- **Task statement**:
The data below should be copied out exactly, with its pictures omitted.
====== Recorded information
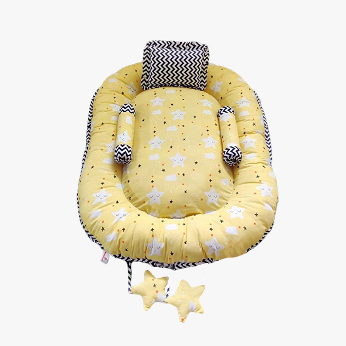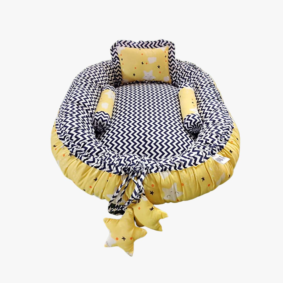 We have made our Online Baby Bedding Set with breathable and soft cotton material to ensure your baby stays comfortable and cozy at all times. Additionally, we fill the bed with virgin INDIAN reputed brand make R-Recron Fibers, which provide a safe and comfortable environment for your baby to sleep in.
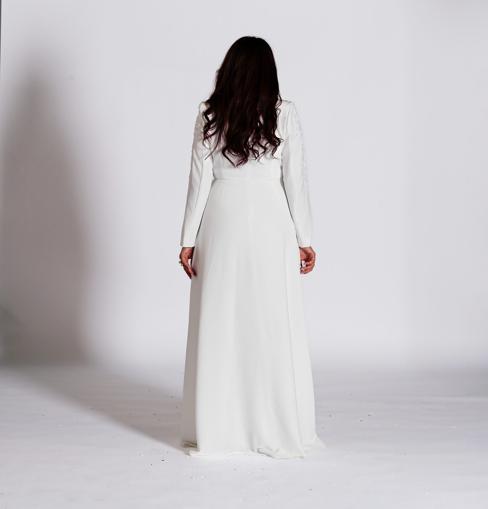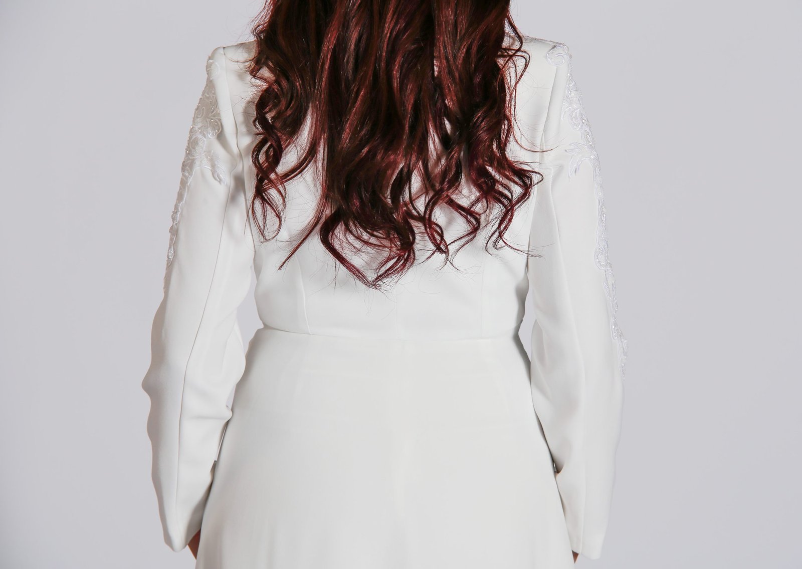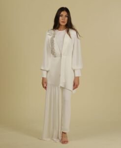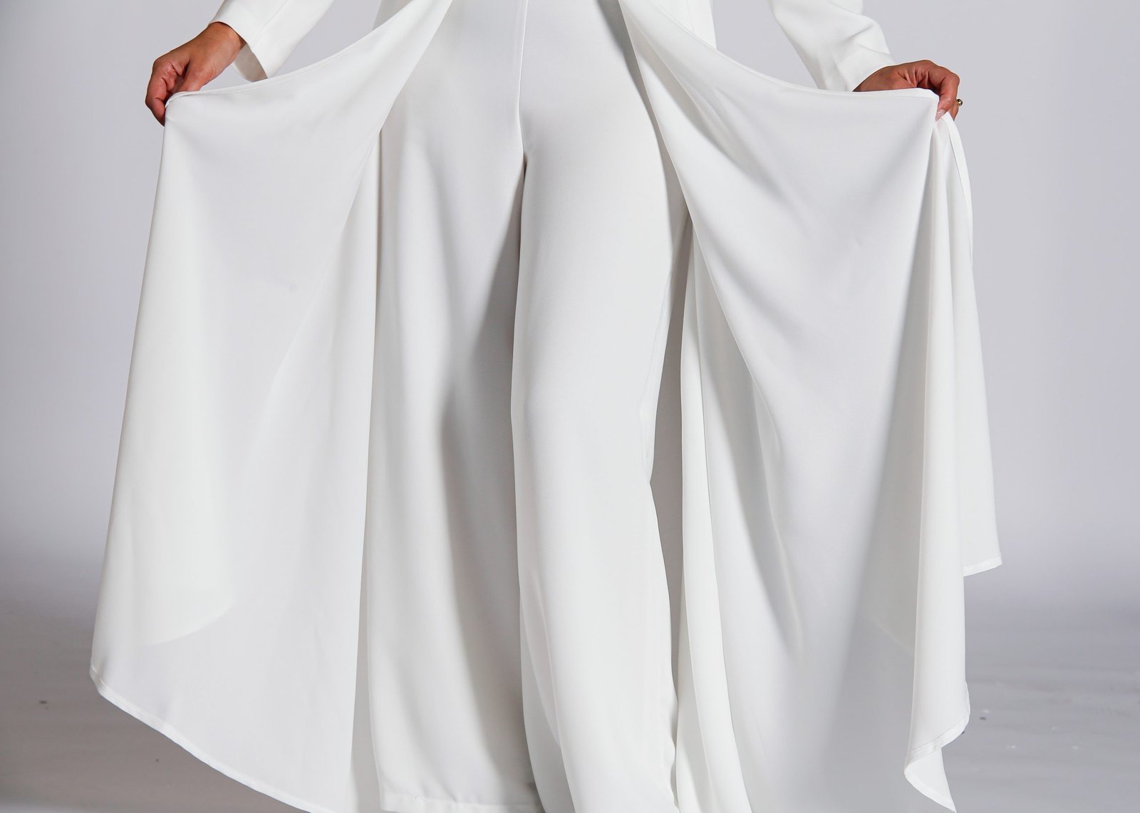 Step into elegance with the Dream Collection 2, featuring a stunning sleeveless white jumpsuit paired with a matching long-sleeve overlay. The jumpsuit showcases intricate designs on the chest, adding a touch of sophistication. The coordinating overlay, which also features detailed chest designs, can be effortlessly clipped on, transforming your look from sleek and modern to layered and refined. Whether you wear it alone or with the overlay, this versatile piece is perfect for special occasions or making a statement.
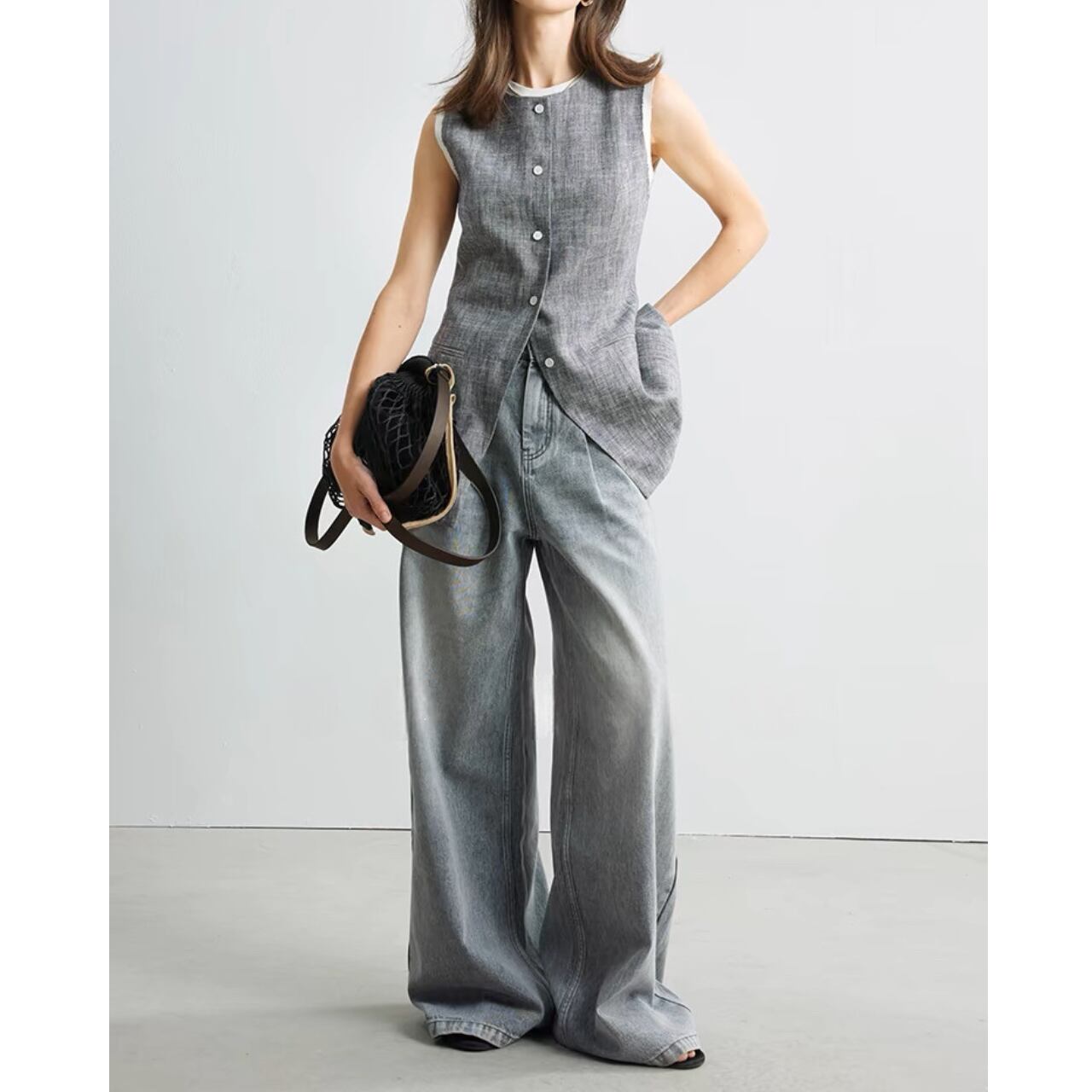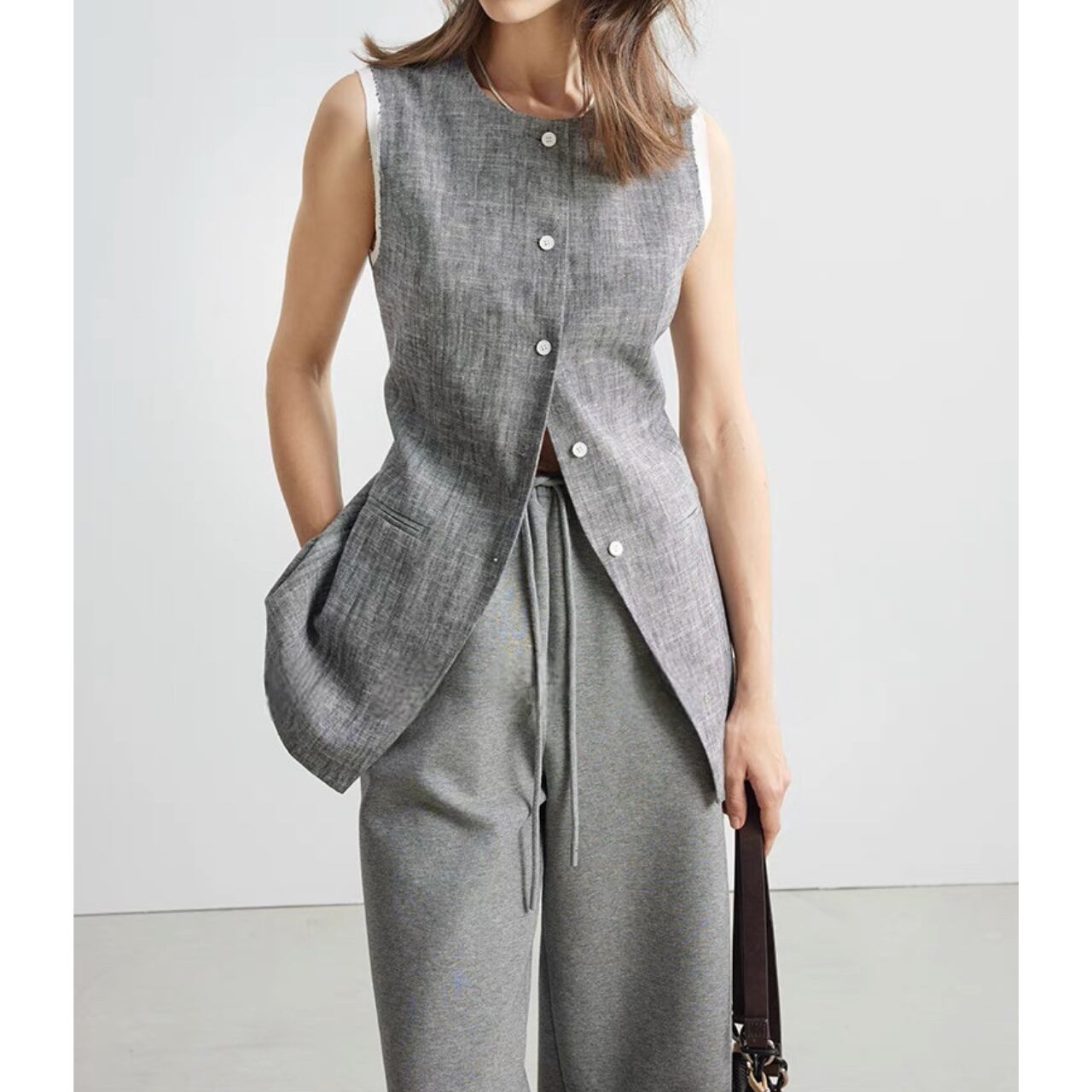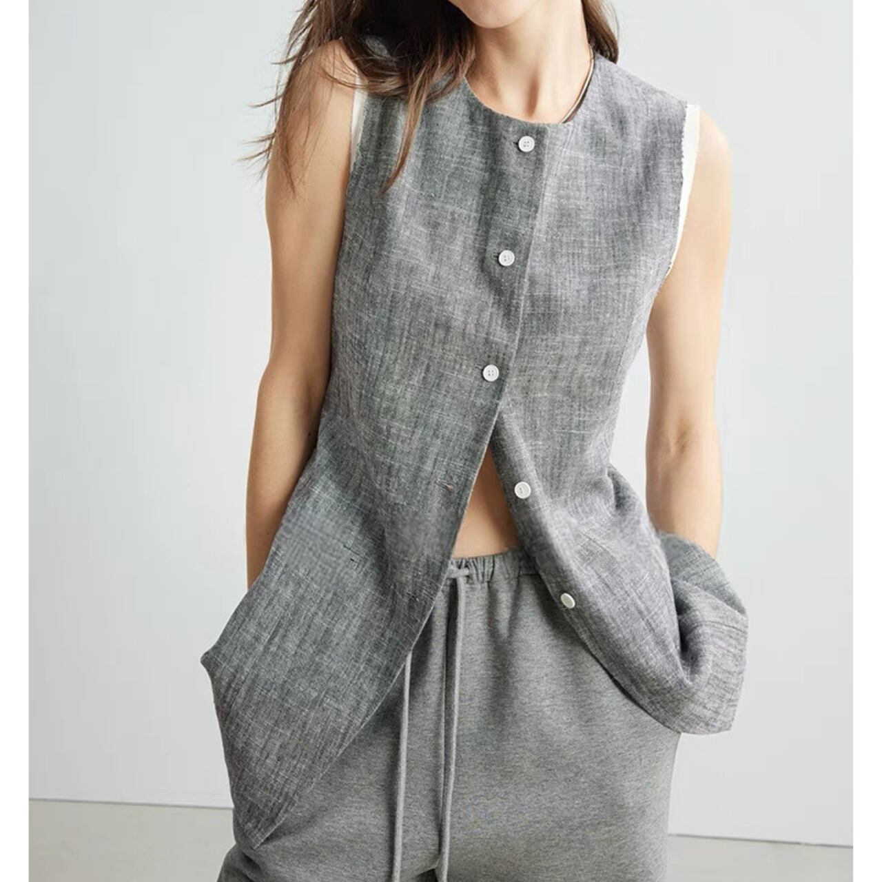 raw edge layered detail vest 00266
============
- **Result below**:
 We have made our Online Baby Bedding Set with breathable and soft cotton material to ensure your baby stays comfortable and cozy at all times. Additionally, we fill the bed with virgin INDIAN reputed brand make R-Recron Fibers, which provide a safe and comfortable environment for your baby to sleep in.
 Step into elegance with the Dream Collection 2, featuring a stunning sleeveless white jumpsuit paired with a matching long-sleeve overlay. The jumpsuit showcases intricate designs on the chest, adding a touch of sophistication. The coordinating overlay, which also features detailed chest designs, can be effortlessly clipped on, transforming your look from sleek and modern to layered and refined. Whether you wear it alone or with the overlay, this versatile piece is perfect for special occasions or making a statement.
 raw edge layered detail vest 00266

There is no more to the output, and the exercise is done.